Generally speaking, this problem is the symptom of an improperly created PDF file in which some type of unusual font and font encoding is used. One way to check this out is to try simply copying and pasting from text from one of these PDF files to a Word document. If what you get is the same “gibberish” in the Word document using copy and paste, then in fact the issue is the PDF file's encoding and there really isn't anything that Adobe can do about that.
(It may be Bank of America, but it is amazing how many PDF files coming out of “enterprise” systems have somewhat unusual and/or defective encoding of their content.)
Please let us know what you find from that experiment. (We understand that you might be fairly reluctant to post the file for us to examine!)
Save the file as TIFF files, combine the TIFF files in Acrobat, and convert it to Excel.
This data will cut and paste into Word perfectly.
I've downloaded a trial of Nitro Pro 11 and it works like a champ.
So, your competition can do it, but again, the answer is, its a bad PDF and Adobe can't solve the problem? From one of the largest banks in the country? Isn't there a process to get a sample from the source, review it and figure this out?
Ok, that worked. Its a functional, but tedious and ugly work-around. For those that don't know how, here are the steps.
Create TIFF format file(s). I ended up with 10 TIFF files per statement
1. Open PDF file in Adobe DC
2. File/Save As/Choose Save location/Set "Save as type" to TIFF
You will likely get more than one TIFF file. Be sure to track this as its important in the next step. If you have multiple PDFs that you need to process through this work-around, then I recommend that you clean them up (delete TIFF files) after each file is processed.
Now you have to "combine" these files into a new PDF. You can open them all at once by selecting multiple files then combine from within Adobe or you can select files in their location without opening and then "combine"
2. Choose combine files
3. Select method (already opened files or from their location)
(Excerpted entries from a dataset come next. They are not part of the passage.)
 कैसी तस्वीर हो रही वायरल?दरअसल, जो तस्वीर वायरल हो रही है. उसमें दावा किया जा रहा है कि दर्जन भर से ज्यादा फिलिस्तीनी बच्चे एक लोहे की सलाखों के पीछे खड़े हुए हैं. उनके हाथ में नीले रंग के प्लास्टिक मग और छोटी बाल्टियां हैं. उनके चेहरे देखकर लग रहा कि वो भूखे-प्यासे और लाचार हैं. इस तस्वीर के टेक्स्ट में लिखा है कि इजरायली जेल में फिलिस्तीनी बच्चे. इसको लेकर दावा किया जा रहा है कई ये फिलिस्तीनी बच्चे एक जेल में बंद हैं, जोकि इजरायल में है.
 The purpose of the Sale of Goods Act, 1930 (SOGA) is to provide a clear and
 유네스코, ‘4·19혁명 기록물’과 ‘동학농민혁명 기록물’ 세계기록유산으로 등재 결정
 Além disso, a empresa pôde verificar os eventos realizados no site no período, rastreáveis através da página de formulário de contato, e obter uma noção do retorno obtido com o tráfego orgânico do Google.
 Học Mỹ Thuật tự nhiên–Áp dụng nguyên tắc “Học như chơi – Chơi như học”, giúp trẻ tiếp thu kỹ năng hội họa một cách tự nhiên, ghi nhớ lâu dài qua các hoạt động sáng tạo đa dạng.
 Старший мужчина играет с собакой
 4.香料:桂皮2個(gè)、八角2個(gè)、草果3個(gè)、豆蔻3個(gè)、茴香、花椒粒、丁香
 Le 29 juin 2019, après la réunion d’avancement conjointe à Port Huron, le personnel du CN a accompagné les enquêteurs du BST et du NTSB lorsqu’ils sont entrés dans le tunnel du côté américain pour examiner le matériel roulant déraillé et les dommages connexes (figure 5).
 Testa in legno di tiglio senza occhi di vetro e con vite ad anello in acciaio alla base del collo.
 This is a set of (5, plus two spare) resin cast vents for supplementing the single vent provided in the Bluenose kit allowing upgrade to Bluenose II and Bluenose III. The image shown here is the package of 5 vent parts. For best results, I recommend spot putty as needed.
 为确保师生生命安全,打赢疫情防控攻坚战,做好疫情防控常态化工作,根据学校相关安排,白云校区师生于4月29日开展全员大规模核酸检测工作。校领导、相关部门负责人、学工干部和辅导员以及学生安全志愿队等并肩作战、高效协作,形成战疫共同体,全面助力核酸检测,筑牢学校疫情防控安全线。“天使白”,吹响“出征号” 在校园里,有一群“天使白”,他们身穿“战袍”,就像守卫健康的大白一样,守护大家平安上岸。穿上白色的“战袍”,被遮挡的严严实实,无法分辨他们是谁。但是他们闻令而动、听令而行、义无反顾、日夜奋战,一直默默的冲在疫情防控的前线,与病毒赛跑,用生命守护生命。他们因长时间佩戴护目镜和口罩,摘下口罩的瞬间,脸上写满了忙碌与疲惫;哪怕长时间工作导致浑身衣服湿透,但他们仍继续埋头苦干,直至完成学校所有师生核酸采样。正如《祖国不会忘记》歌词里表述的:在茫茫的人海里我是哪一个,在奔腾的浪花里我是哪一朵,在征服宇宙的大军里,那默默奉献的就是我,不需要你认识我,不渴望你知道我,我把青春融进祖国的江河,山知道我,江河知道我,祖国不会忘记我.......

4. Select files, hit Open button
5.You should get a screen showing your selected TIFF images/files, hit Combine in upper left of Adobe screen
6. Green check marks will appear as they are processed, and you will get a new PDF with the name "Binder#"
Now export to Excel
1. Tools/Export/Excel to get the date into the spreadsheet
a. Tested with all data imported into one worksheet
b. Tested with data imported into separate worksheets per page
Thank you for the work around, now, how about a fix?
I can't change your PDF file.
Bernd, thank you for your support...it was helpful and very much appreciated. I did not mean to direct my frustration to you, didn't realize you weren't on Adobe staff.
Most of the people you find here on the Adobe forums are not Adobe employees, but users of Adobe's different applications. As you can see when you scroll up, Adobe employees are identified with a "Staff" badge.
The fact that you can copy and paste into Word and get the correct content does point to a problem in Acrobat. You may want to file a bug report here: Feature Request/Bug Report Form That is the only reliable way to notify Adobe of a problem in their products.
To be very clear, I did not say that your particular files were bad but that in the past we saw this type of symptom with some bad PDF files.
Thanks for testing the copy-and-paste text. That would indicate that in fact you have found a real issue. What we need to be able to do is analyze the issue and fix it. However, without a sample file, that is difficult.
If you could contact me with a private message and a pointer to such a sample, I'll gladly pursue this within Adobe and we will maintain the confidentiality of the sample file.
While some time has past since the original post it is getting to be tax time...
I too use Bank of America and have for a number of years extracted column data from monthly statements. This year (2017/2018) checking account statements appear different from prior years as neither Save As nor Export To accessible text were working. After spending about 8-hours on a Saturday, have found another solution that works.
Typically, I create a single Binder1.pdf from 13-14 monthly statements using Acrobat DC File-> Combine Files into a Single PDF... Shift, Select them in order, Save As Binder1.pdf.
The new wrinkle is you need to run Binder1.pdf through Acrobat's Accessibility checker. I ran Full Check, which allows for fixing some items with a single Right click. Unfortunately, had to "fix" several items, including Primary Language so not sure if there was a single "silver bullet". After that I was able to Edit->Select All, Cntl-C, then Cntl-V into my fav text editor, TextPad. This time, no strange umlauts nor other non-printing characters.